I'm pretty sure the misalignment is the cause of this problem.

Update: after using cuda-memcheck I'm sure the problem is misalignment:

========= Invalid __global__ read of size 16
=========     at 0x00000060 in kernel(float const *, float*, int)
=========     by thread (4,0,0) in block (7,0,0)
=========     Address 0xb043638bc is misaligned

vector

cuda

bandwidth

nvcc

asked on Stack Overflow Sep 25, 2015 by

Spiros • edited Sep 27, 2015 by

Spiros

1 Answer

The problem is that the nvcc compiler is unable to resolve the base address for the vector load in your kernel. This can be a bug or is just an inadequacy.
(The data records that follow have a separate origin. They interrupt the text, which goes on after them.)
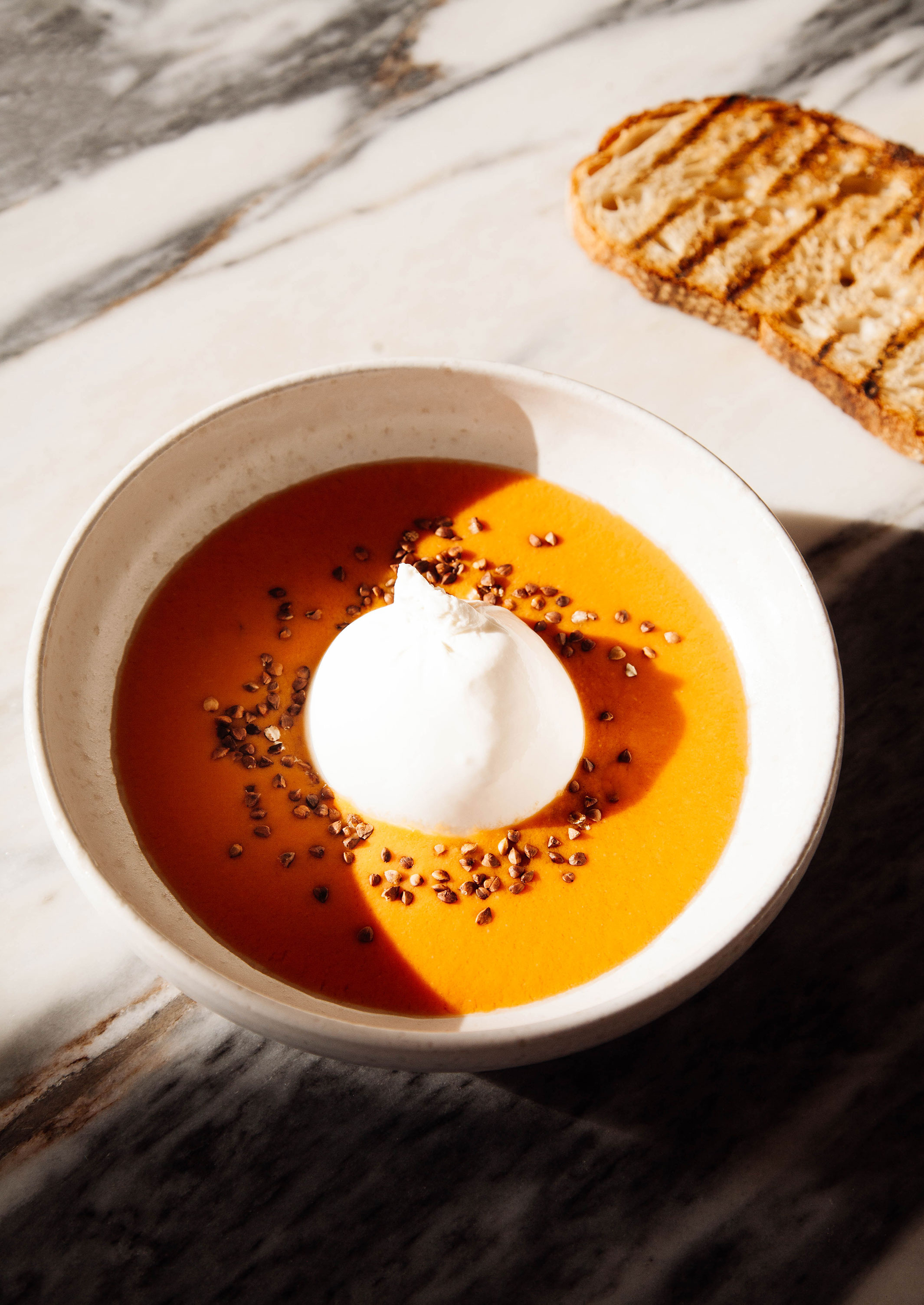 Am darauffolgenden Tag die Suppe durch ein feines Sieb streichen, um Kerne und grobe Stücke zu entfernen. Dadurch wird sie besonders samtig und fein in der Textur.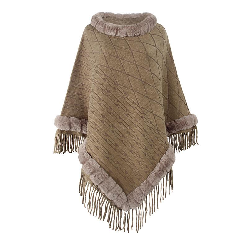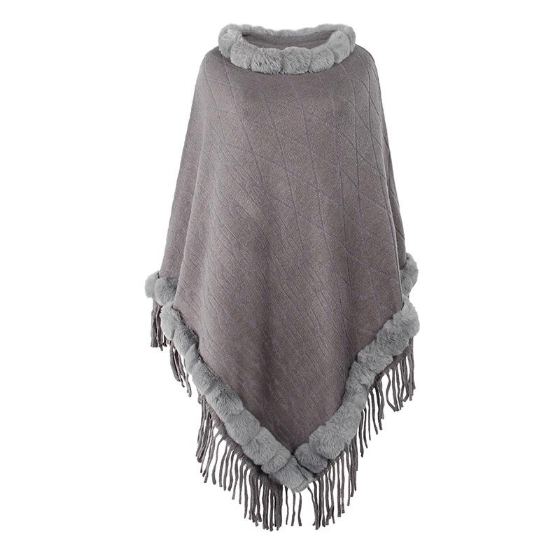 Женские зимние новые товары, европейский и американский меховой воротник, однотонный вязаный плащ, теплая шаль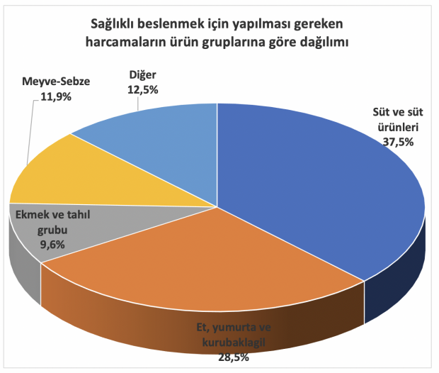 Daha dar bir gruplandırmaya göre harcamalarda süt ve süt ürünlerinin payı yüzde 37,5 ile en yüksek paya sahiptir. Sebze ve meyvenin harcamalar içindeki payı yüzde 11,9 olmuştur.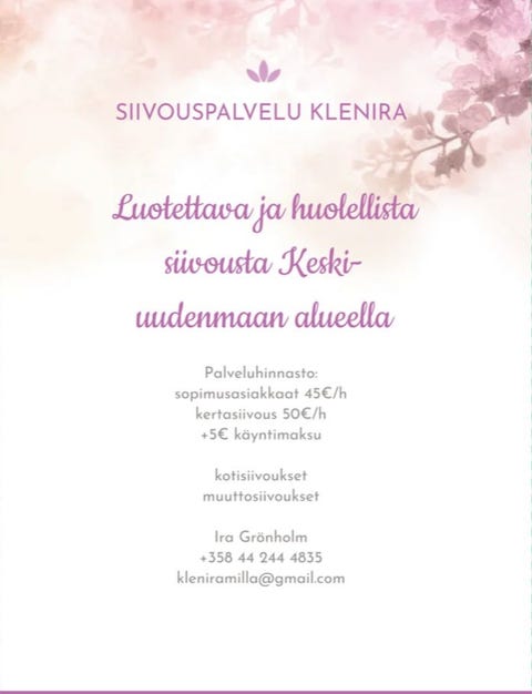 30 €🍂❄️ KEMIX – Kodin, toimiston ja pihan siivouspalvelut Uudellamaalla!Helsinki, Pohjois-Haaga, Uusimaa3 pvAutochemix OYLisää suosikiksi.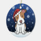 Niedliche amerikanische Gruben-Stier-Terrier-Weihnachtsverzierung, gezeichnet in kawaii Cartoon! Diese entzückende Hundezucht trägt eine rote Weihnachtsmannmütze, und Schneeflocken fallen ganz um ihn. Absolut süß, perfekt für den des Hundebaum liebhabers Weihnachts!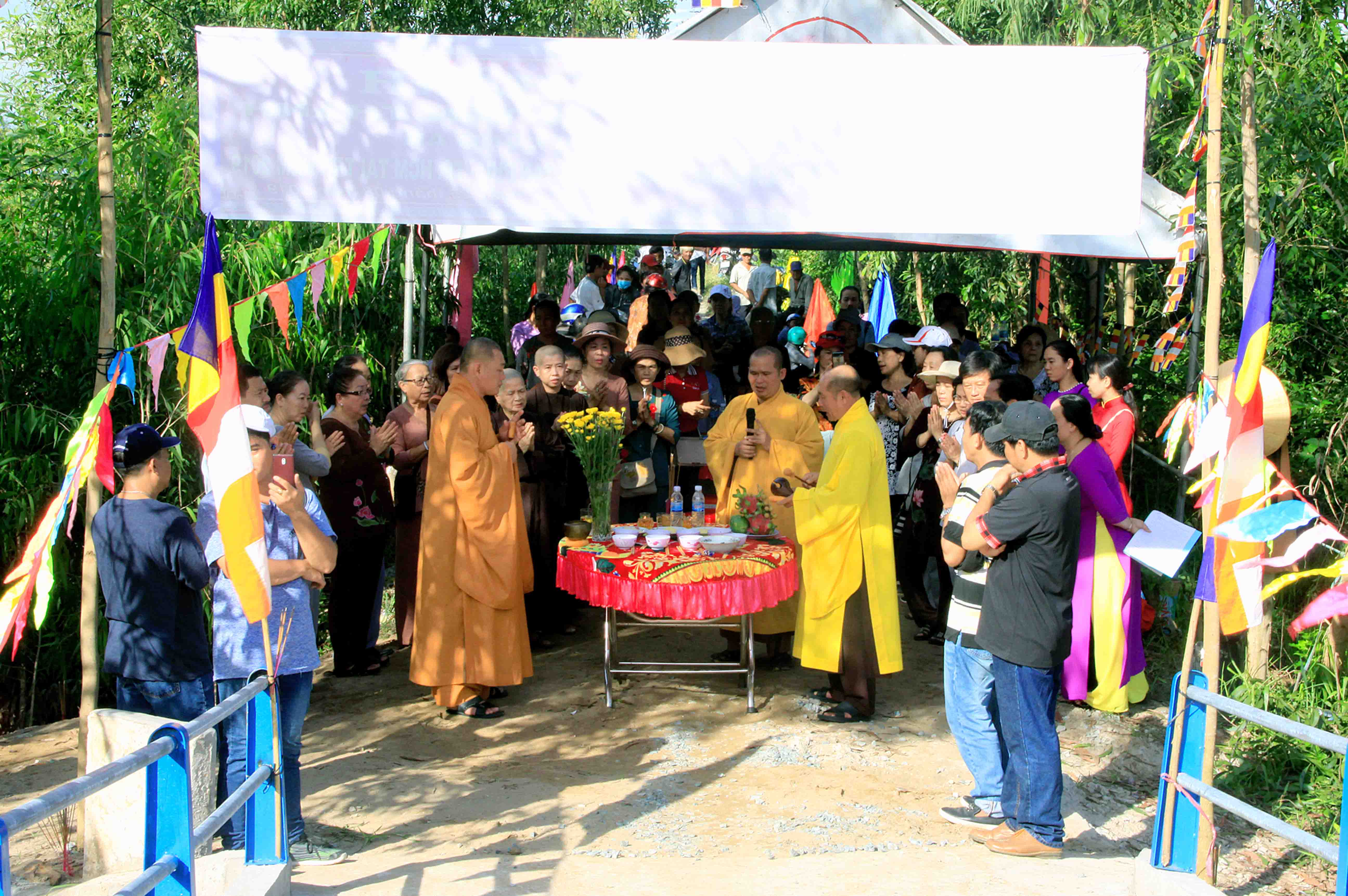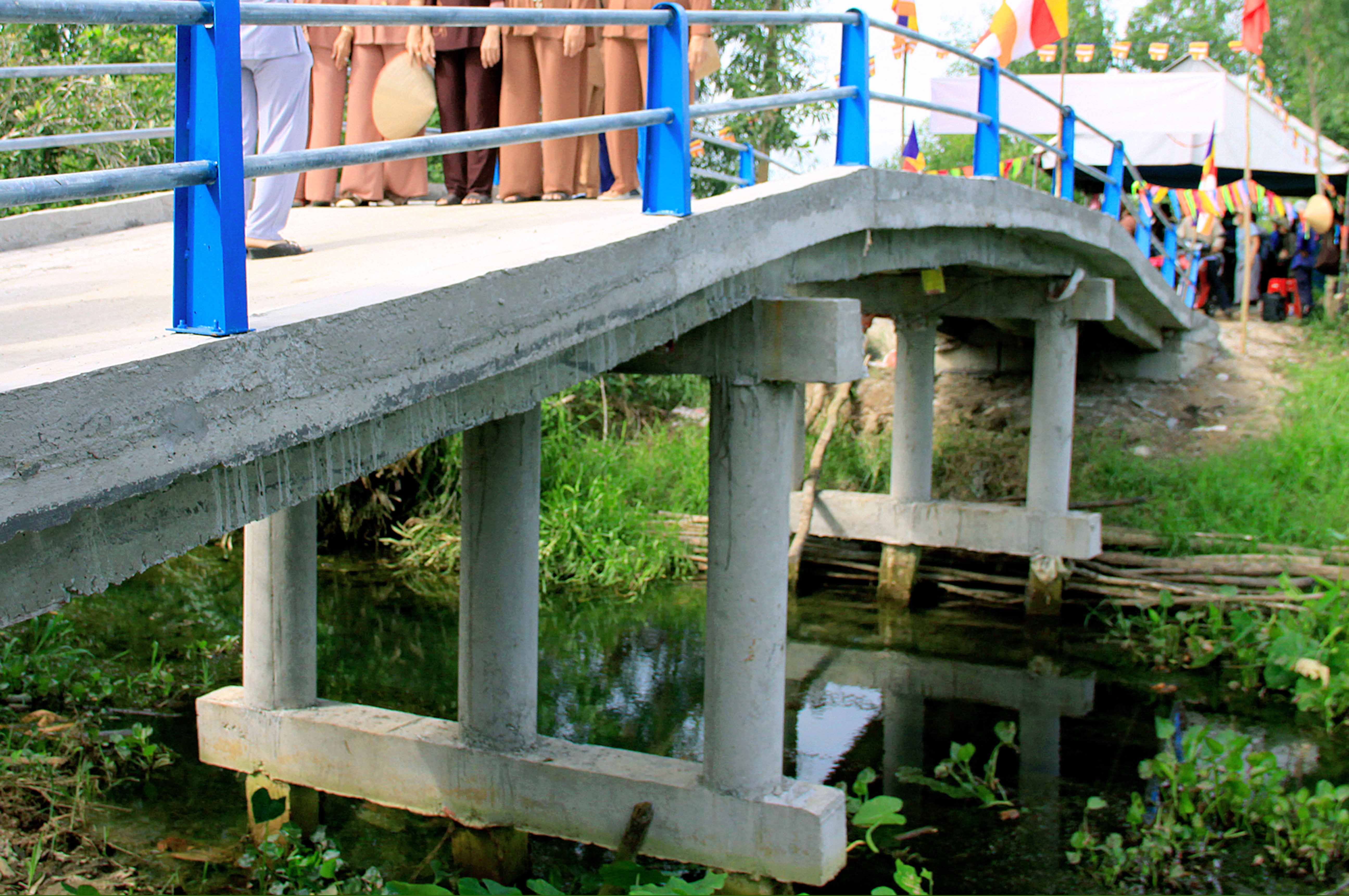 Mở đầu buổi lễ là báo cáo sơ bộ quá trình thi công cầu Gò Cỏ Đỏ do ông Nguyễn Văn Nhịn phát biểu cho biết cây cầu thi công trong 2 tháng, được làm bằng bê tông cốt thép, chiều dài 25 mét, rộng 3 mét, tổng kinh phí là 165 triệu đồng; Ni Trưởng Thích Nữ Như Lộc và Phật tử chùa tài trợ 145 triệu đồng, số còn lại là Chính quyền địa phương và nhân dân đóng góp.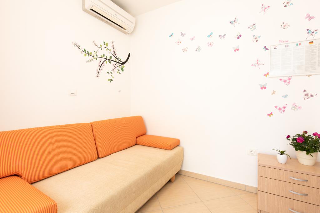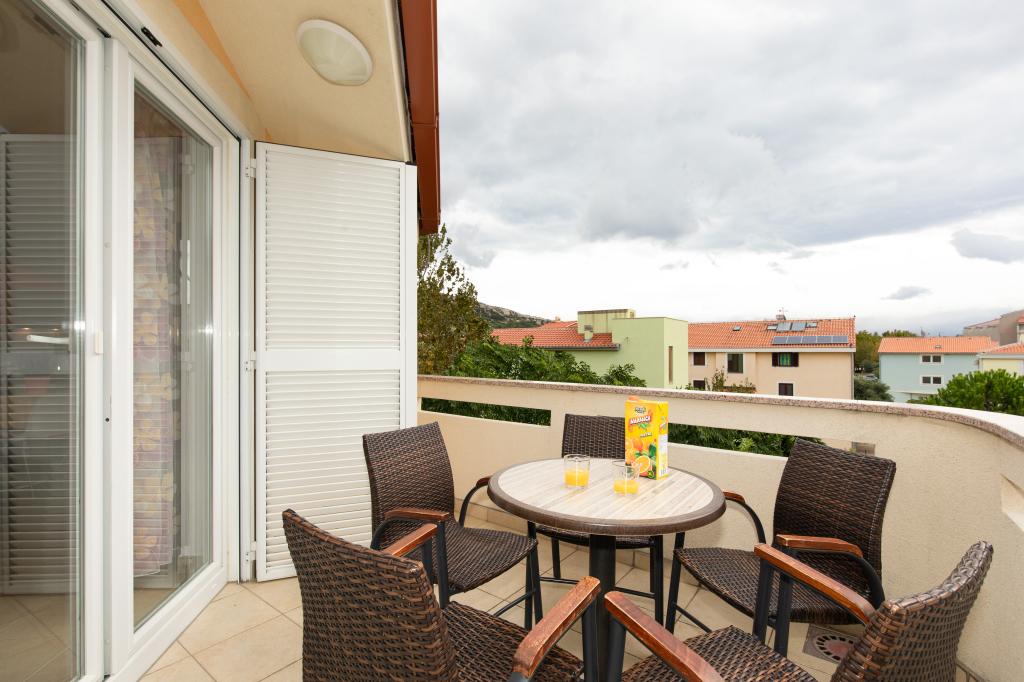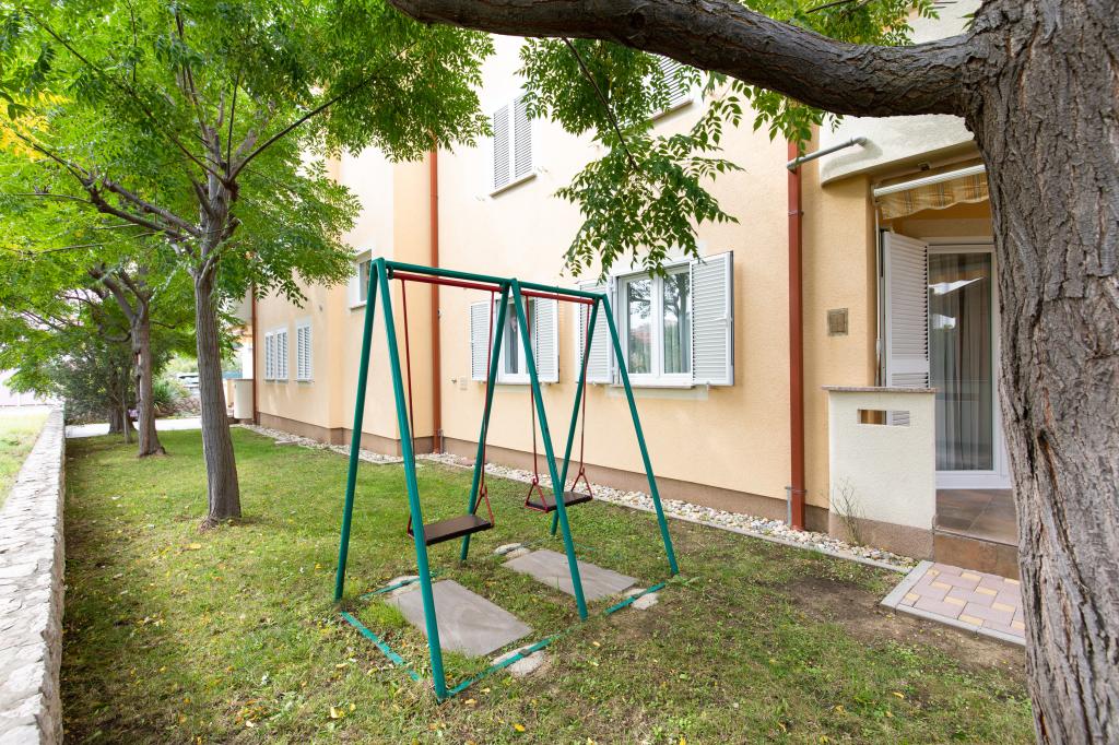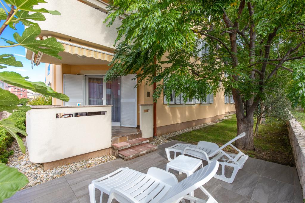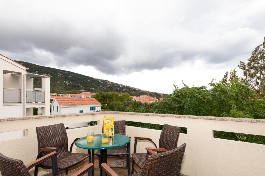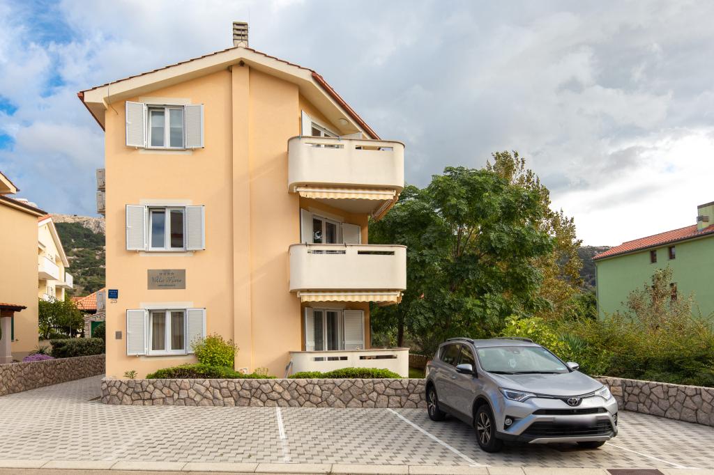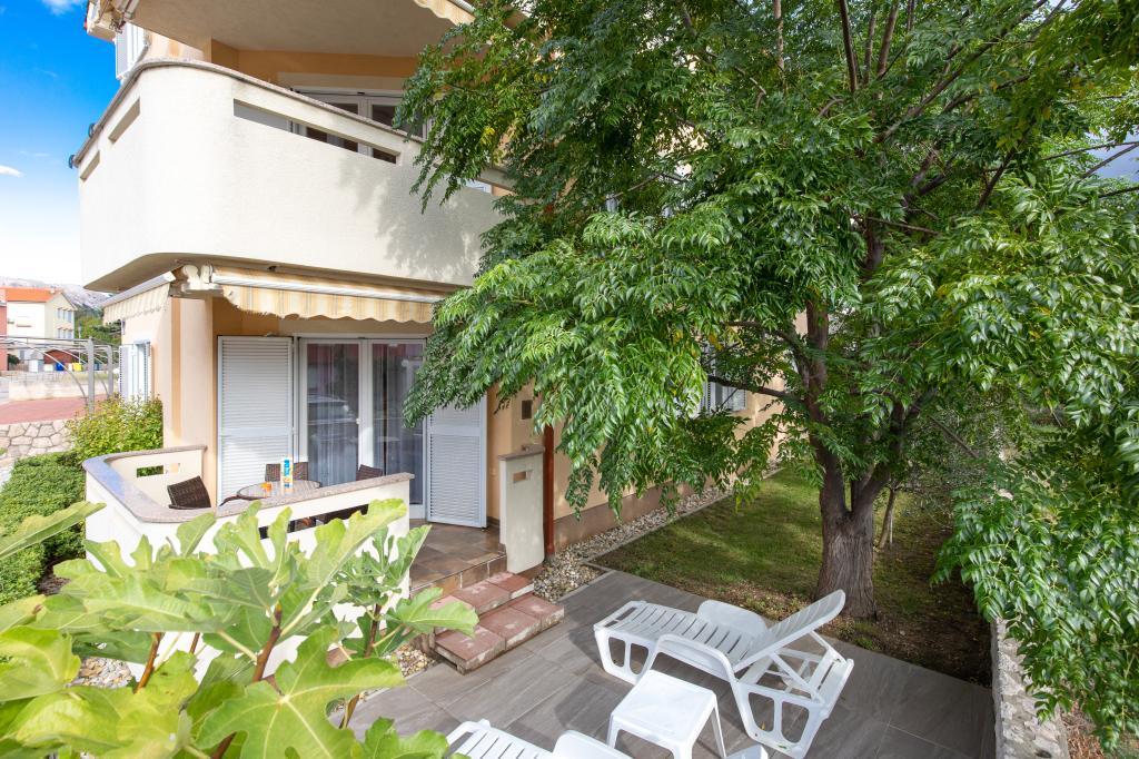 Apartments VillaMare are located in a quiet part of Baška, a 5-7 minute easy walk to a beautiful sandy beach as well as the center itself with all the amenities offered by a tourist town. There are 5 apartments in the 4**** category: 4 x A/4+2 for max 4-6 people, 1 x A/2+2 for max 2-4 people and a nice studio for max 1-2 people. All apartments are air-conditioned and modernly equipped, free WiFi, satellite TV, 1 parking space per apartment; in the courtyard part, a garden area with a barbecue, a wooden gazebo and a children's playground is available to all guests. A cot, high chair/feeding table, washing machine are available on request. All apartments in the extension have a comfortable terrace where you can completely relax and enjoy the beautiful view of Baška and the mountain that surrounds it, while the apartment on the ground floor has an additional extended terrace with deckchairs and direct access to the beautiful garden (...and fig trees :- )

I modified your code a little bit:

  __global__ void kernel2(const float* input, float* output, int size)
  {
      int i = (blockDim.x*blockIdx.x + threadIdx.x);
      float values[6];
      float res[4];

      // Load values
      values[0] = *(input+(i*4)-1);
      float4 test  =*(reinterpret_cast<const float4*>(input)+i);
      values[5] = *(input+(i*4)+4);
      values[1] = test.x;
      values[2] = test.y;
      values[3] = test.z;
      values[4] = test.w;
      // Compute result
      res[0] = values[0]+values[2];
      res[1] = values[1]+values[3];
      res[2] = values[2]+values[4];
      res[3] = values[3]+values[5];

      // Store result
      *(reinterpret_cast<float4*>(output)+i) = *reinterpret_cast<const float4*>(res);
  }

The kernel code compiled to ptx:

  .visible .entry _Z7kernel2PKfPfi(
          .param .u64 _Z7kernel2PKfPfi_param_0,
          .param .u64 _Z7kernel2PKfPfi_param_1,
          .param .u32 _Z7kernel2PKfPfi_param_2
  )
  {
          .reg .f32       %f<15>;
          .reg .b32       %r<7>;
          .reg .b64       %rd<10>;
          ld.param.u64    %rd1, [_Z7kernel2PKfPfi_param_0];
          ld.param.u64    %rd2, [_Z7kernel2PKfPfi_param_1];
          mov.u32         %r1, %ntid.x;
          mov.u32         %r2, %ctaid.x;
          mov.u32         %r3, %tid.x;
          mad.lo.s32      %r4, %r2, %r1, %r3;
          shl.b32         %r5, %r4, 2;
          add.s32         %r6, %r5, -1;
          mul.wide.s32    %rd3, %r6, 4;
          cvta.to.global.u64      %rd4, %rd1;
          add.s64         %rd5, %rd4, %rd3;
          ld.global.f32   %f1, [%rd5];
          mul.wide.s32    %rd6, %r4, 16;
          add.s64         %rd7, %rd4, %rd6;
          ld.global.v4.f32        {%f2, %f3, %f4, %f5}, [%rd7];
          ld.global.f32   %f10, [%rd5+20];
          cvta.to.global.u64      %rd8, %rd2;
          add.s64         %rd9, %rd8, %rd6;
          add.f32         %f11, %f3, %f5;
          add.f32         %f12, %f2, %f4;
          add.f32         %f13, %f4, %f10;
          add.f32         %f14, %f1, %f3;
          st.global.v4.f32        [%rd9], {%f14, %f12, %f11, %f13};
          ret;
  }

You can see nicely how the addresses for the load are computed (%rd6 and %rd8).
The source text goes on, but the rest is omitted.